> Data in this exercise
++++++++++

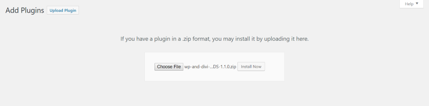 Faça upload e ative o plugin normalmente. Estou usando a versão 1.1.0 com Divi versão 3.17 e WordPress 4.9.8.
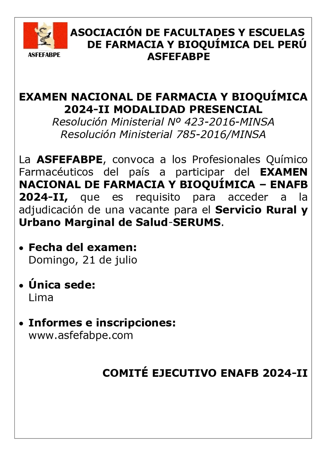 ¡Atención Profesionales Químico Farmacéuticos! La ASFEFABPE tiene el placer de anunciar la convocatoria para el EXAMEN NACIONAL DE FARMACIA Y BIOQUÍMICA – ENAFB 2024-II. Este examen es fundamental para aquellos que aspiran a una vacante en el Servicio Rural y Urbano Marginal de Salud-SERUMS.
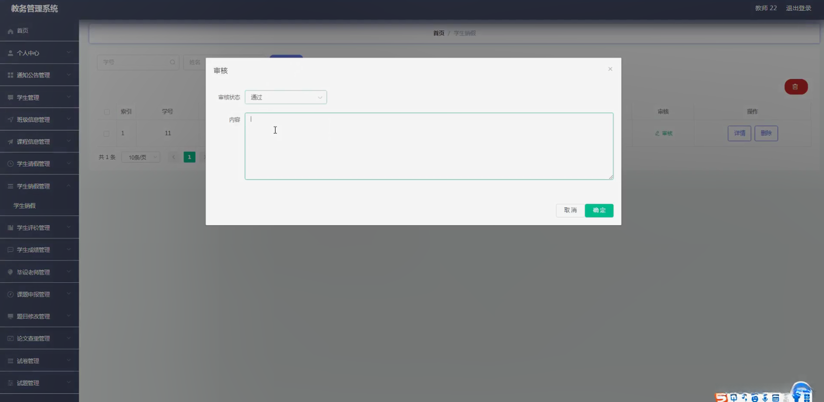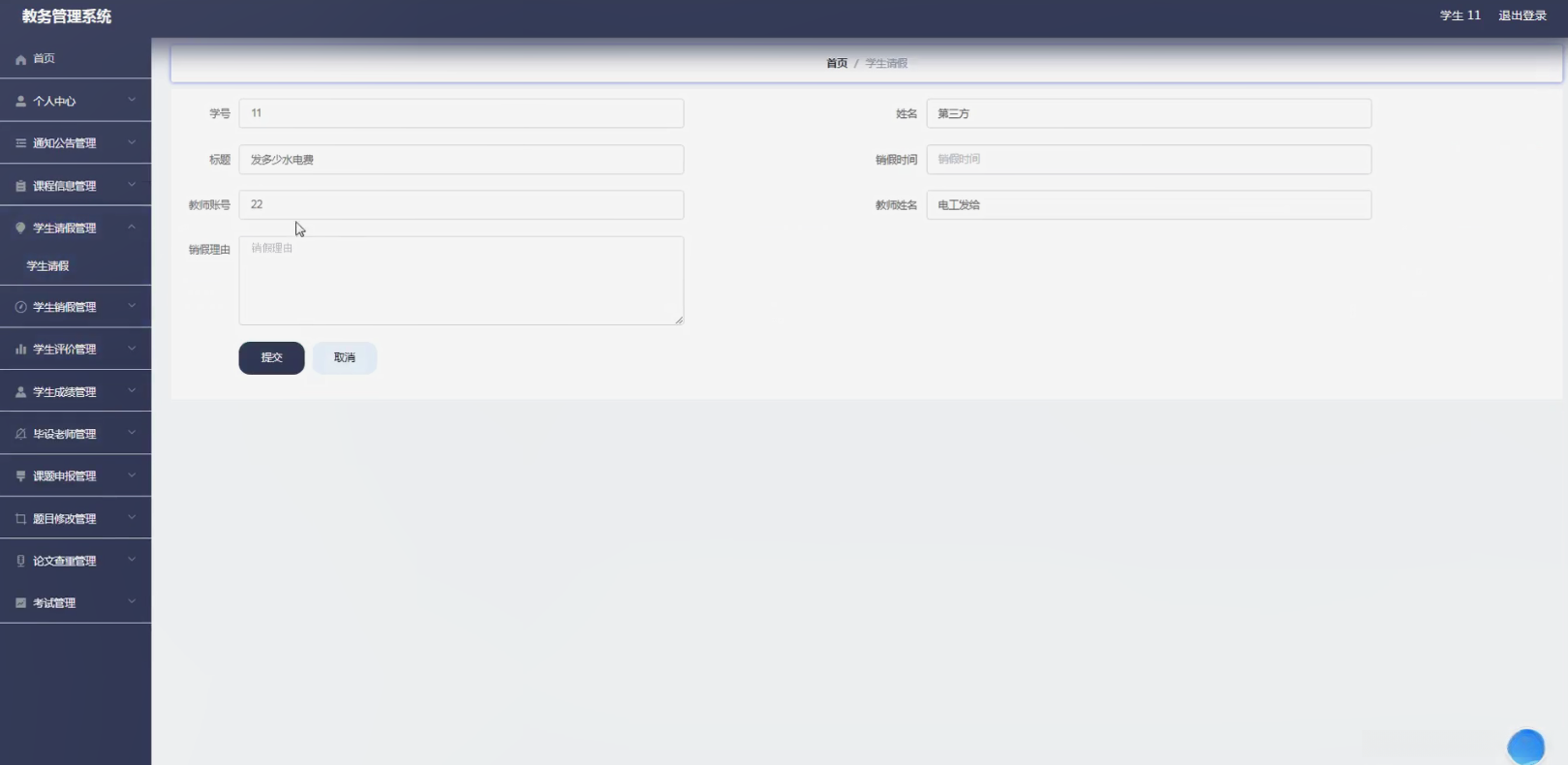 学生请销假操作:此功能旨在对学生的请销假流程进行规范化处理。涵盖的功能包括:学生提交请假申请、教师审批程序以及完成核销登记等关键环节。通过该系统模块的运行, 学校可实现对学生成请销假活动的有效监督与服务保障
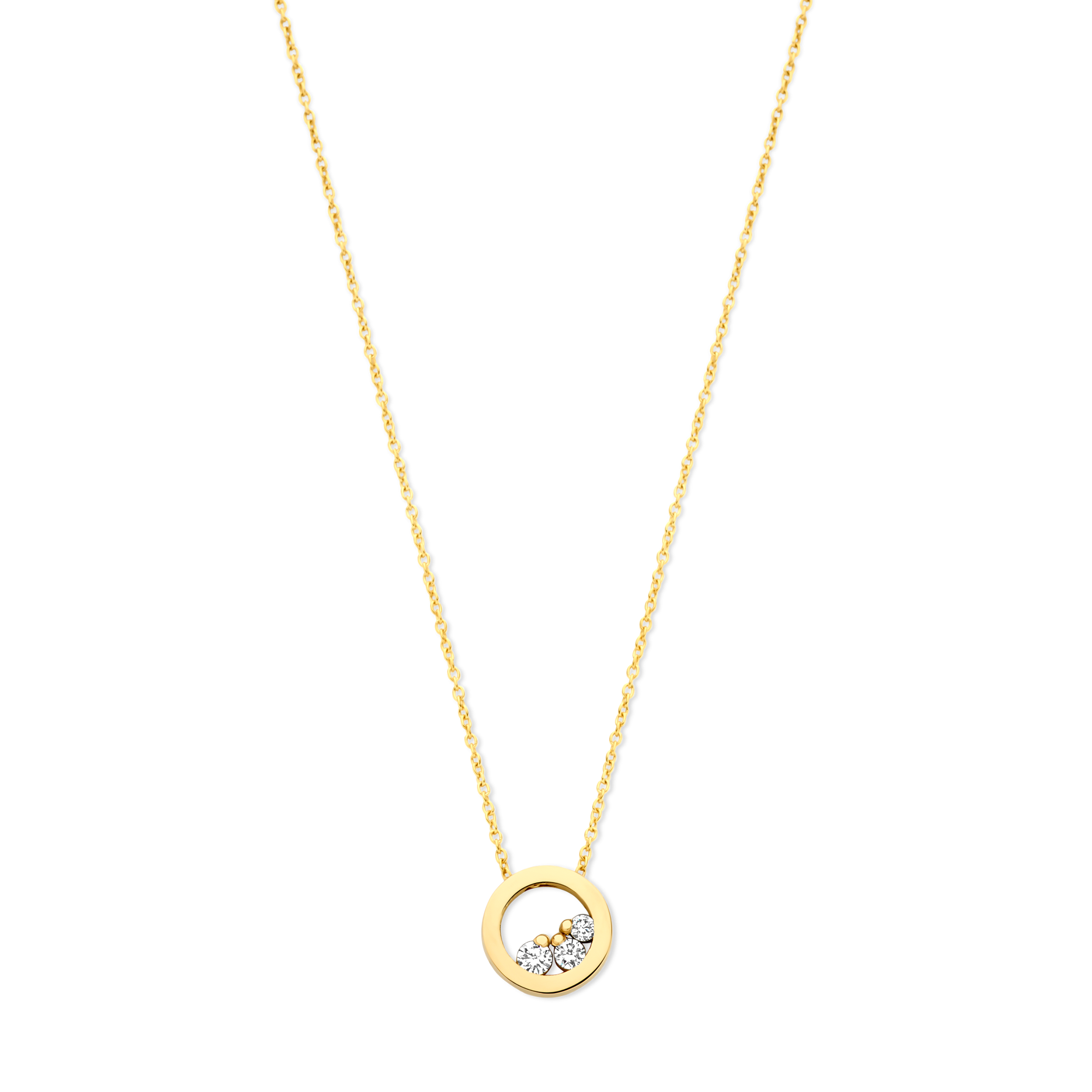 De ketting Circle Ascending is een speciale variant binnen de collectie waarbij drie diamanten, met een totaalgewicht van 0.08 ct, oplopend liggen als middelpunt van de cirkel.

++++++++++

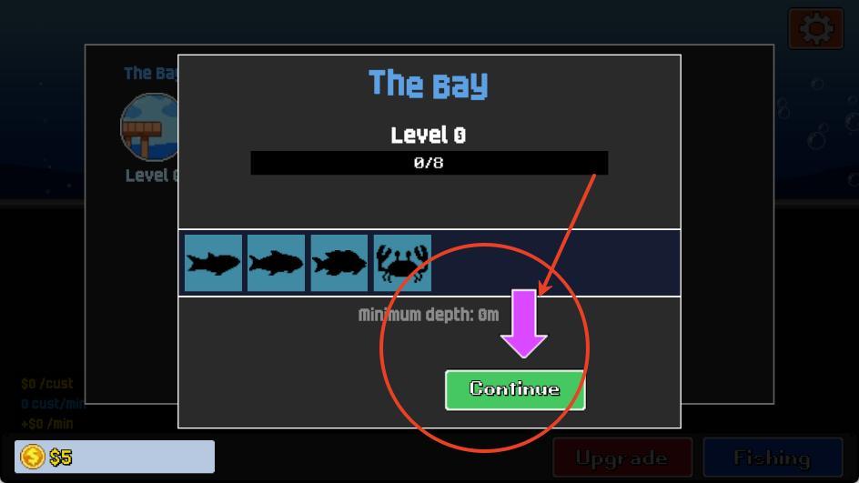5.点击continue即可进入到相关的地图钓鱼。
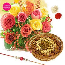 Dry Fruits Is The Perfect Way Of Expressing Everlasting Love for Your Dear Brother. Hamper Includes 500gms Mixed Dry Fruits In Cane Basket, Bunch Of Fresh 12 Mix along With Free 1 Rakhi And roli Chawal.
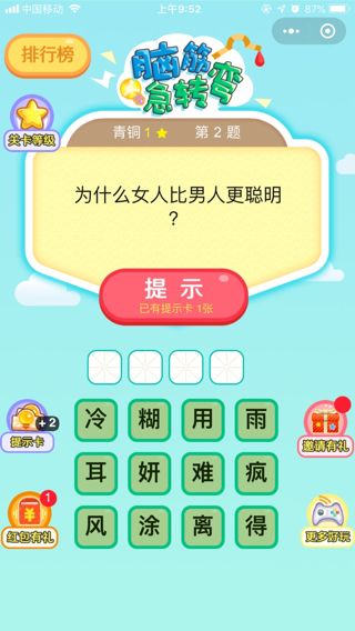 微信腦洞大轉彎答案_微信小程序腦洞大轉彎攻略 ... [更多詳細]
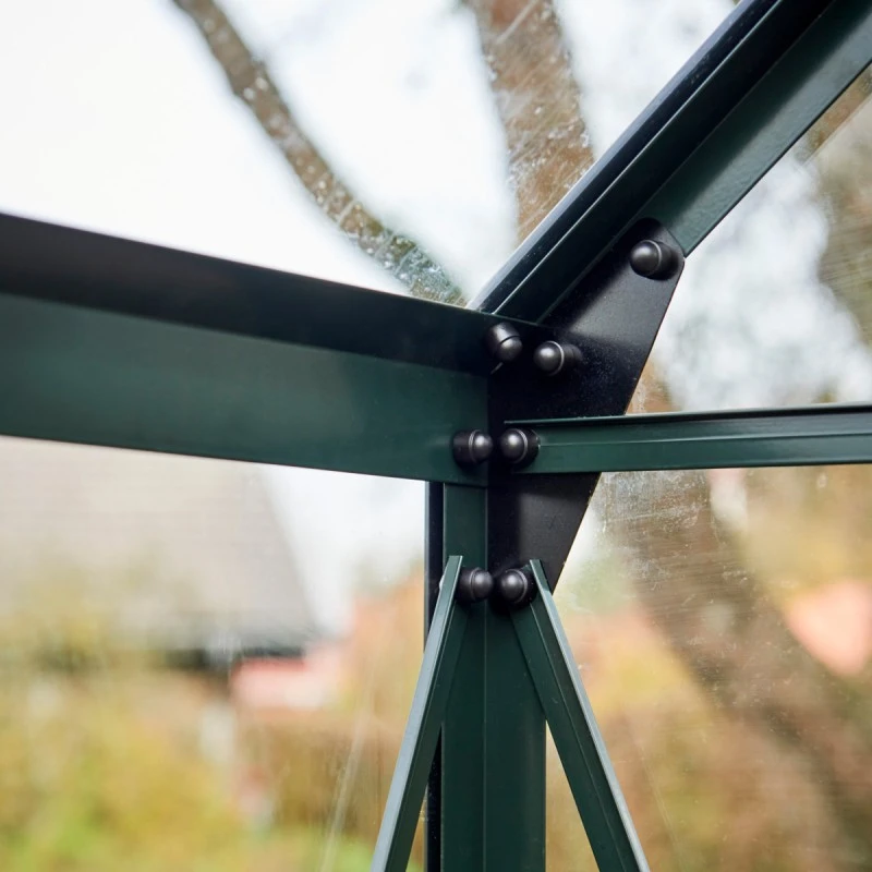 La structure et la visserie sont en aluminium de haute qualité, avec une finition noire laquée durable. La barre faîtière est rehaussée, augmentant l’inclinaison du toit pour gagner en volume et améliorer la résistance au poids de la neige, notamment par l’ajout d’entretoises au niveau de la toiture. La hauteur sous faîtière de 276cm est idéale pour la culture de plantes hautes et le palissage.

++++++++++

> Aim of the exercise
Exactly as written above, retype the lines starting at the one holding "Marginal de Salud-SERUMS." and ending at the one holding "学生请销假操作:此功能旨在对", both included, but not the pictures.

> Expected answer
 ¡Atención Profesionales Químico Farmacéuticos! La ASFEFABPE tiene el placer de anunciar la convocatoria para el EXAMEN NACIONAL DE FARMACIA Y BIOQUÍMICA – ENAFB 2024-II. Este examen es fundamental para aquellos que aspiran a una vacante en el Servicio Rural y Urbano Marginal de Salud-SERUMS.
 学生请销假操作:此功能旨在对学生的请销假流程进行规范化处理。涵盖的功能包括:学生提交请假申请、教师审批程序以及完成核销登记等关键环节。通过该系统模块的运行, 学校可实现对学生成请销假活动的有效监督与服务保障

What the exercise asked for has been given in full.